Ontario Passes Legislation to Support Energy Planning
Province Enshrining Open, Transparent Planning Process
Ontario passed new legislation today that establishes a long-term energy planning framework that is efficient, supported by robust community engagement and responsive to emerging technologies in the energy sector.
The Energy Statute Law Amendment Act, 2015, will allow the government to begin moving forward with the development of a new long-term energy plan, with formal engagement with Indigenous communities and the broader public taking place later this year.
The Act will ensure long-term energy plans in the province:
- Balance the principles of cost effectiveness, reliability, clean energy, community and Indigenous engagement, as well as conservation and demand management
- Involve an extensive engagement process similar to the 2013 Long Term Energy Plan
- Are the product of wide-ranging consultation, including a variety of forums and mediums such as online engagement tools, in-person consultation sessions and posting on the Environmental Registry
Long-term energy planning is part of the government's economic plan to build Ontario up and deliver on its number-one priority to grow the economy and create jobs. The government's four-part economic plan includes investing in talent and skills, including helping more people get and create the jobs of the future by expanding access to high-quality college and university education. The plan is making the largest investment in public infrastructure in Ontario's history and investing in a low-carbon economy driven by innovative, high-growth, export-oriented businesses. The plan is also helping working Ontarians achieve a more secure retirement.

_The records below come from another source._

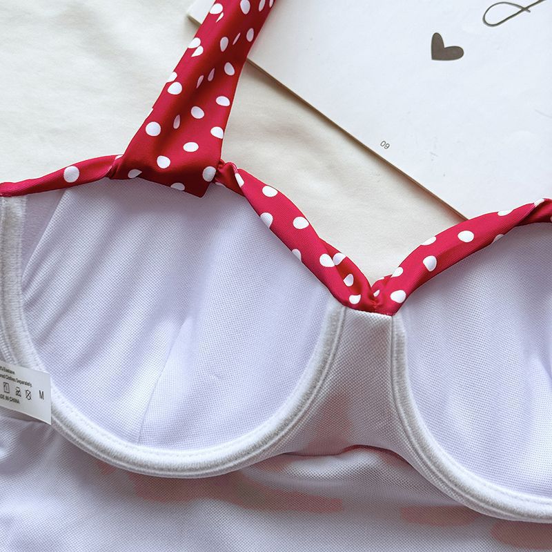 2025 새로운 스타일의 원피스 스커트 폴로 도트 소녀 수영복 여성의 보수적 인 슬리밍 살로 덮인 섹시한 순수한 큰 가슴이 모였습니다.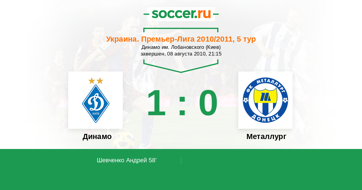 Протокол матча Динамо против Металлург
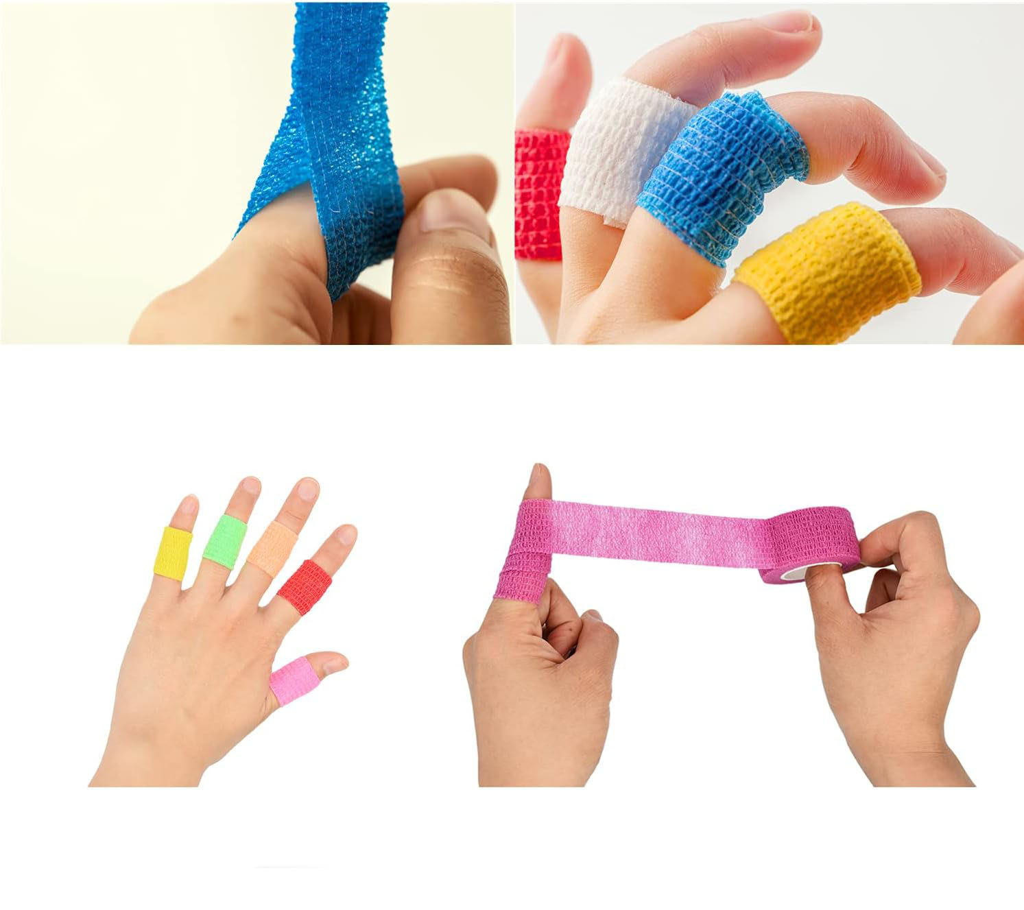 1. Flexibilidad mejorada: confeccionadas con elasticidad, las vendas cohesivas para los dedos se ajustan perfectamente a los contornos del dedo, garantizando un ajuste seguro y cómodo durante todo el día. Los vendajes mantienen su integridad incluso durante el movimiento, brindando protección.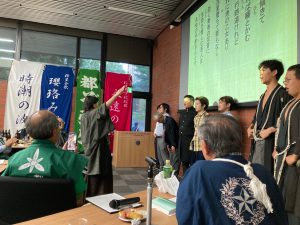 開会は午後4時。北海道恵迪寮同窓会の内藤春彦会長の開会挨拶、お忙しい中駆けつけてくださった髙橋彩北海道大学理事・副学長の来賓挨拶、参加者全員での「都ぞ弥生」1・2番の斉唱と開会のプログラムは進行しました。ここで、今回の参加者の中から北大女子寮出身でご主人が恵迪寮同窓会設立にも尽力された故岡部賢二君(155期寮長)のご令室である岡部潔子様(S33北大入学)からの特別スピーチがありました。そして、東日本恵迪寮同窓会の坂倉雅夫会長による乾杯で寮歌祭はにぎやかに始まりました。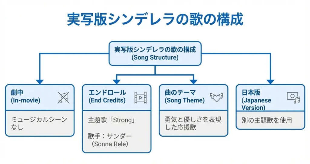実写版シンデレラでは、アニメ版のような本格的なミュージカル形式は採用されていませんが、劇中で歌唱シーンが存在します。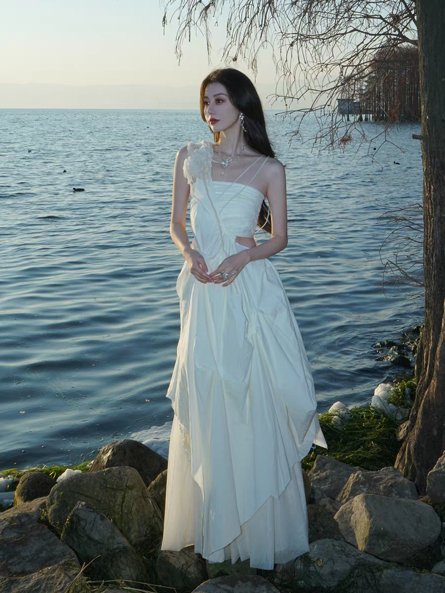 桑晚 秋季新款米白花朵背带仙女连衣裙 2024小众设计款气质长裙

- Ontario produced two Long-Term Energy Plans in 2010 and 2013 in order to guide energy planning and support a clean, reliable electricity system for the province.
- The 2013 Long-Term Energy Plan incorporated feedback received from the most comprehensive consultation and engagement ever undertaken by the Ministry of Energy, which included 10 Indigenous engagement sessions and meetings across the province, with participation from over 90 First Nation and Métis communities and groups.
- Engaging Indigenous communities in energy planning decisions is one way the government is supporting economic development and reconciliation.
“Our government recognizes that sound, prudent long-term energy planning is essential to a clean, reliable and affordable energy future. This Act enshrines in legislation an open, transparent and highly collaborative future, with energy planning that is conducted in a manner consistent with the government’s Open Dialogue initiative and Indigenous community engagement process.”